Updated August 3, 2015: I’ve given the CCRN Flashcards to many people who have used them and passed the CCRN. Since it is time-consuming for me to email everyone who asks and I’ll have no income for the next two years while I’m in school, I’ve decided to sell them to help me pay for food during school. People have said that it’s worth $50, but I won’t charge that much for it, especially since I really want you, as my reader, to pass!
Updated July 13, 2020: The new CCRN exam came out during the pandemic on March 25, 2020. The exam percentages from the old exam and to the new exam are exactly the same. The AACN has new preparation material where you can try 30 questions for free for 7 days and then have to pay for it.
Another option is to try PocketPrep. I’m currently going through the questions to see if they are similar enough. They also have a free version but to get the most out of you, you must get the paid subscription. It contains 600 questions, as a question of the day (QOTD), a ‘quick 10 questions’, a rationale for the answers and a way to flag questions you want to review.

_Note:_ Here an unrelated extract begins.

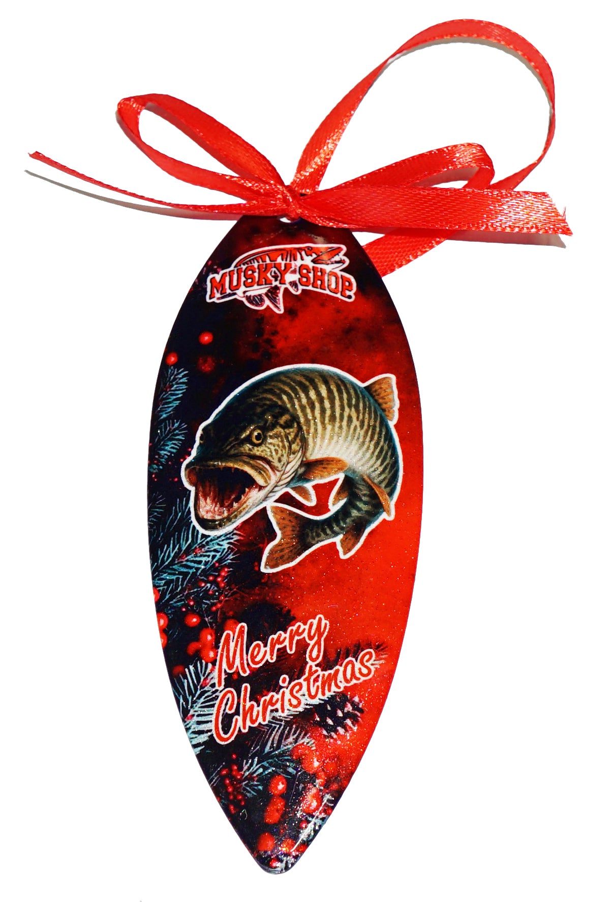Just in time for the holidays, This Christmas tree ornament makes a great gift this holiday season for the musky fisherman in your family. Built on a #10 willow Leaf Heavy Blade!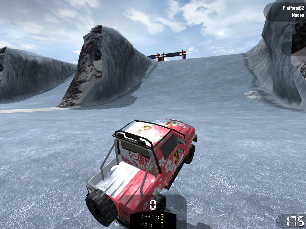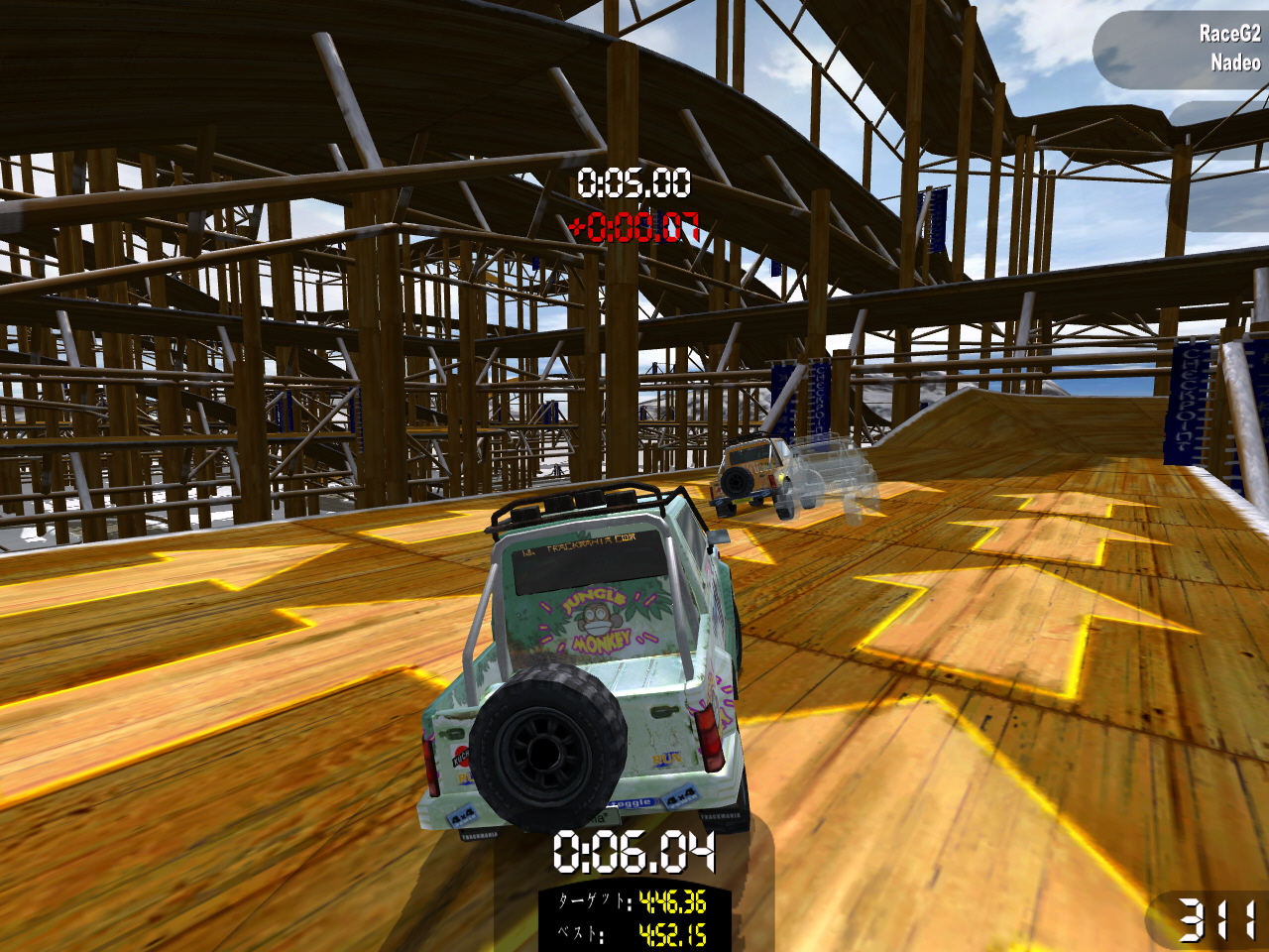 このステージで使う車は,意味不明なカタカナロゴが書かれたピックアップトラック。タイヤのグリップ力が高く,狭いコースをハイスピードで走り回れるのが気持ちいい。

When I finish going through the questions, I’ll write a more detailed review.
How many questions do I need get right to pass?
Just 89 out of 150 questions to pass. So you can do it! 25 are for research. Only 125 actually count. You have up to 3 hours to take the exam.
How much is the exam?
The exam is $245 if you’re a member of the American Academy of Critical Care Nurses (AACN). You’ll go to goamp.com to pick a test site and register for the exam. You’ll get 3 months to take the exam. You can change the test date once for free. Majority of the test sites are in the HR Block. How nice of them!
I took mine in Astoria, NY. I was the only one and it was quiet. Good experience.
Anyways, go for it! Good luck in your endeavor.